Die komplizierten Formulare und die mangelhafte Beratung durch die Jobcenter führen dazu, dass Anträge unvollständig abgegeben werden oder ungenaue Angaben enthalten. Weil es zwischen den Sachbearbeitern und den Ratsuchenden "kaum noch Kontakte untereinander" gebe, werde "nicht mehr so individuell auf die Lebensverhältnisse der Menschen" eingegangen, so Eikenbusch: "Wenn Dinge unklar sind, gibt´s keine Rückfrage, sondern es erfolgt eine Entscheidung" nach Aktenlage. Und die sei oft genug falsch.

Beratung bräuchten die Antragsteller auch bei der Frage, ob ihnen neben den Hartz IV-Zahlungen noch weitere Leistungen zustehen. Diese müssen oft separat beantragt werden, sagt Christoph Eikenbusch. Erschwerend komme hinzu, dass die Gesetzeslage nicht immer eindeutig sei: "Gerade beim Bildungs- und Teilhabegesetz ist immer die Frage, welche Leistung gehört in den Bereich SGB II - also Hartz 4 - und was gehört zum Bildungs- und Teilhabegesetz. Da haben wir konkrete Beispiele von Eltern, die sagen: »Da blicken wir nicht mehr durch«.

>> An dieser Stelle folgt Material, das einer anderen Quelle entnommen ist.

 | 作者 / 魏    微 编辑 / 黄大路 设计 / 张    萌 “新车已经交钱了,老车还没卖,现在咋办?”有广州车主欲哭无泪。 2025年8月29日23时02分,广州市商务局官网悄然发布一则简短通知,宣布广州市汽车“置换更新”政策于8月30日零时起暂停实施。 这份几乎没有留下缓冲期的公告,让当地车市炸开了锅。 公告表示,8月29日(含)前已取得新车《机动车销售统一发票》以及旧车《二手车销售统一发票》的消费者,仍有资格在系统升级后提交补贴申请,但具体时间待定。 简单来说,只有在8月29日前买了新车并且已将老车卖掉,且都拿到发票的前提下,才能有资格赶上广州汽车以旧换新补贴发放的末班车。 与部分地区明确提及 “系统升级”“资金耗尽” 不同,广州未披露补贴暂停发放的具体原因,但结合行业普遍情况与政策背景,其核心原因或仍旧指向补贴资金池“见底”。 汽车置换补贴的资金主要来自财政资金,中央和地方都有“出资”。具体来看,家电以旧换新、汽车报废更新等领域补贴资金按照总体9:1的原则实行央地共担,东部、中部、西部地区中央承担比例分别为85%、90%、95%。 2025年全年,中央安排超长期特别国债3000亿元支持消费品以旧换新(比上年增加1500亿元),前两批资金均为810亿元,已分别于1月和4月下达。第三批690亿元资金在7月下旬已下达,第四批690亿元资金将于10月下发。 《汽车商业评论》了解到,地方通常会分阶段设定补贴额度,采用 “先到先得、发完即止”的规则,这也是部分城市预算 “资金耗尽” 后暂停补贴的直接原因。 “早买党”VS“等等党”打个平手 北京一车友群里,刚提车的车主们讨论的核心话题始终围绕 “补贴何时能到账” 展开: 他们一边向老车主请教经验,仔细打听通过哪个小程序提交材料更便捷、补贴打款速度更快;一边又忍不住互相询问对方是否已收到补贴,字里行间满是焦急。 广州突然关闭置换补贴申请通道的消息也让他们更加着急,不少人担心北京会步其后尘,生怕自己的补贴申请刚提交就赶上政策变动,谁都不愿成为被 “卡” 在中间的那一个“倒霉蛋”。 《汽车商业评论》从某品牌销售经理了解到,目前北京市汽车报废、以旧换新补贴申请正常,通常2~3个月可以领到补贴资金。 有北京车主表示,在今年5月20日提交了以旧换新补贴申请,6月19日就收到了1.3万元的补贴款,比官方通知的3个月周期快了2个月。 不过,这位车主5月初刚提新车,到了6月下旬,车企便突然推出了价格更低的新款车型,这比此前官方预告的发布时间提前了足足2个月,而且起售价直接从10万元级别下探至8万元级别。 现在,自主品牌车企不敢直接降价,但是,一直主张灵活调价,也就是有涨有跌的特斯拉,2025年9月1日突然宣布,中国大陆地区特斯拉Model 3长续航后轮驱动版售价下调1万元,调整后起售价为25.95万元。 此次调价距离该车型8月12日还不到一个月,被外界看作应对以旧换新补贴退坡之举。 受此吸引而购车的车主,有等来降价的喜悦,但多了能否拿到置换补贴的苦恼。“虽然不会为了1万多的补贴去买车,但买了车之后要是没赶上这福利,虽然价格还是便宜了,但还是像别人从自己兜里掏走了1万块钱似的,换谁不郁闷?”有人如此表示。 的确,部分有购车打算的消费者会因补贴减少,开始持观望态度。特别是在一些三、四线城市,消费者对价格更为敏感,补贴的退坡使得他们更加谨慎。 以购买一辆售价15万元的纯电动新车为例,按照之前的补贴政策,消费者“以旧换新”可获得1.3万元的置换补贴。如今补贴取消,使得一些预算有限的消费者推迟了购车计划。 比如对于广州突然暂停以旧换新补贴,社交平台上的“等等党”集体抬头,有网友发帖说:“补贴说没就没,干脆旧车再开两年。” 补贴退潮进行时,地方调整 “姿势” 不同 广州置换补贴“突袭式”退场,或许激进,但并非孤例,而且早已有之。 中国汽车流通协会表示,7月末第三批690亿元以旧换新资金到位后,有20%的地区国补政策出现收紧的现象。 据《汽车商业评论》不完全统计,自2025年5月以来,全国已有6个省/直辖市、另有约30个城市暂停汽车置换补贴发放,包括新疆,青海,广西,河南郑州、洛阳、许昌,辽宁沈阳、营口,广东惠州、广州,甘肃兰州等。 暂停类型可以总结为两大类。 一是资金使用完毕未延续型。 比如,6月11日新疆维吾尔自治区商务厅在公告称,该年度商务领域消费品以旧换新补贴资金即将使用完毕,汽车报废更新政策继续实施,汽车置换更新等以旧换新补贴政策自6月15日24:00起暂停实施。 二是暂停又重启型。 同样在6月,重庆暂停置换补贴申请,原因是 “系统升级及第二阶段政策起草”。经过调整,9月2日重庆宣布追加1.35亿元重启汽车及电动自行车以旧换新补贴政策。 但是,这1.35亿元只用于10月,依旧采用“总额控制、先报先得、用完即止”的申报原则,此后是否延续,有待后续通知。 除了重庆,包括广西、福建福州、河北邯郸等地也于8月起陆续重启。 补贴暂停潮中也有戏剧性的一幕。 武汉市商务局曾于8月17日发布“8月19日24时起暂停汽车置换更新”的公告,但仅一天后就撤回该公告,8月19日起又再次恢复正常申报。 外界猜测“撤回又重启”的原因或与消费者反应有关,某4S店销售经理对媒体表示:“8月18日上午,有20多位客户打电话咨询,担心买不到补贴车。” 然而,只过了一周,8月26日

Leidtragende sind hier am Ende diejenigen, für die die Leistungen aus dem Bildungs- und Teilhabegesetz eigentlich gedacht sind. Es soll Kindern aus finanzschwachen Familien u.a. die Teilnahme an Schulausflügen und mehrtägigen Klassenfahrten oder an einem Nachhilfeunterricht ermöglichen. Doch das Personal in den Offenen Ganztagsschulen sei schon rein zeitlich nicht in der Lage, den Eltern bei der Antragsstellung zu helfen, so Eikenbusch. "Und so bleiben dann Anträge liegen, die an und für sich gute Aussichten auf Erfolg hätten."